Analysis of Quantum Network Coding for Realistic Repeater Networks

TL;DR

This paper evaluates quantum network coding (QNC) in realistic noisy conditions, showing it can double throughput with some fidelity trade-offs and highlighting the impact of local gate errors.

Contribution

It provides the first analysis of QNC performance under noise and resource limitations, demonstrating its advantages and limitations in practical quantum networks.

Findings

QNC can double Bell pair creation rate compared to entanglement swapping.

Output fidelity drops below 0.5 when initial fidelity is below 0.90.

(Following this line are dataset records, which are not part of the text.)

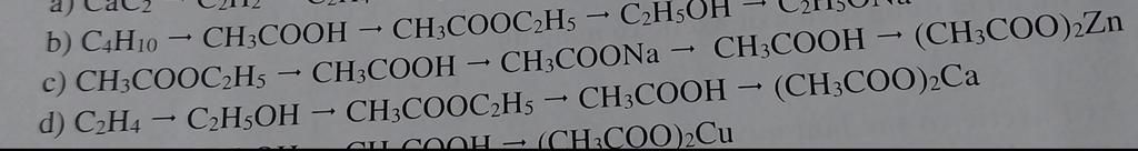 $\rm c)\\ CH_3COOC_2H_5+H_2O\xrightarrow{Acid ,\ t^°}CH_3COOH+C_2H_5OH\\CH_3COOH+Na\to CH_3COONa+\dfrac{1}{2}H_2\\CH_3COONa+HCl\to CH_3COOH+NaCl\\2CH_3COOH+Zn\to (CH_3COO)_2Zn+H_2\\d)\\ C_2H_4+H_2O\xrightarrow{H_2SO_4\ (dac),\ t^°}C_2H_5OH\\C_2H_5OH+CH_3COOH\overset{H_2SO_4\ (dac),\ t^°}\leftrightarrows CH_3COOC_2H_5+H_2O\\CH_3COOC_2H_5+H_2O\xrightarrow{Acid ,\ t^°}CH_3COOH+C_2H_5OH\\2CH_3COOH+Ca\to (CH_3COO)_2Ca+H_2$
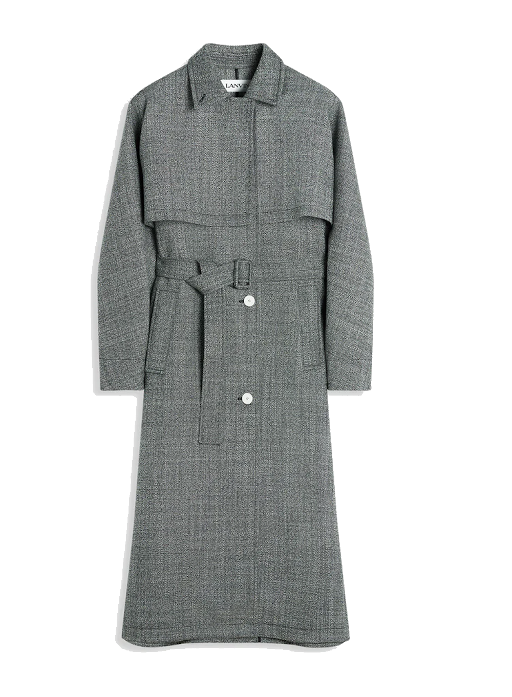 A perfect match with the red dress, this trench coat is made from virgin wool, which makes it ideal for mid-season. It features a belt to elegantly structure the outfit and create a feminine silhouette.
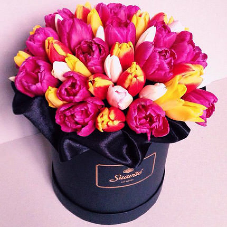 Описание композиции: Бум в мире флористики! Шикарное сочетание ярких весенних цветов играющих на контрасте с темным оформлением - будьте оригинальны в поздравлении любимых! Состав композиции: 25 разноцветных тюльпанов, декоративная коробка, флористический материал.
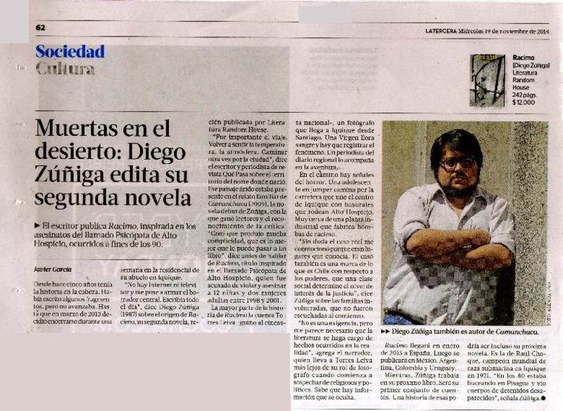 Muertas en el desierto: Diego Zuñiga edita su segunda novela [artículo] Javier García
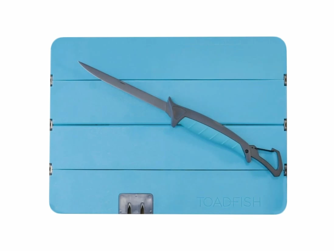 The Toadfish Stowaway System is a fillet knife and cutting board combo that packs up small but offers full-service cutting capabilities. The 7″ folding fillet knife features a titanium-coated blade and a long, ergonomic handle. The cutting board folds to a compact size and has a built-in knife sharpener featuring a carbide section to clean up dull edges and a ceramic section to restore any blade to factory-sharp condition. You can prep shore lunch like a pro guide with this incredibly handy knife and cutting board combo! Get the Toadfish Stowaway System now!
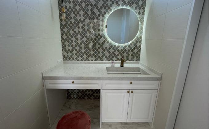 洗面ルームやバスルームの雰囲気づくりは、壁面やミラーの印象に合ったカウンター選びも大事です。スタイリッシュで落ち着きのあるクオーツストーンは、高級感を醸し出しながらも傷に強く、染み込まない素材で衛生的。

Local gate errors significantly affect QNC performance.

Abstract

Quantum repeater networks have attracted attention for the implementation of long-distance and large-scale sharing of quantum states. Recently, researchers extended classical network coding, which is a technique for throughput enhancement, into quantum information. The utility of quantum network coding (QNC) has been shown under ideal conditions, but it has not been studied previously under conditions of noise and shortage of quantum resources. We analyzed QNC on a butterfly network, which can create end-to-end Bell pairs at twice the rate of the standard quantum network repeater approach. The joint fidelity of creating two Bell pairs has a small penalty for QNC relative to entanglement swapping. It will thus be useful when we care more about throughput than fidelity. We found that the output fidelity drops below 0.5 when the initial Bell pairs have fidelity F < 0.90, even with perfect local gates. Local gate errors have a larger impact on quantum network coding than on entanglement swapping.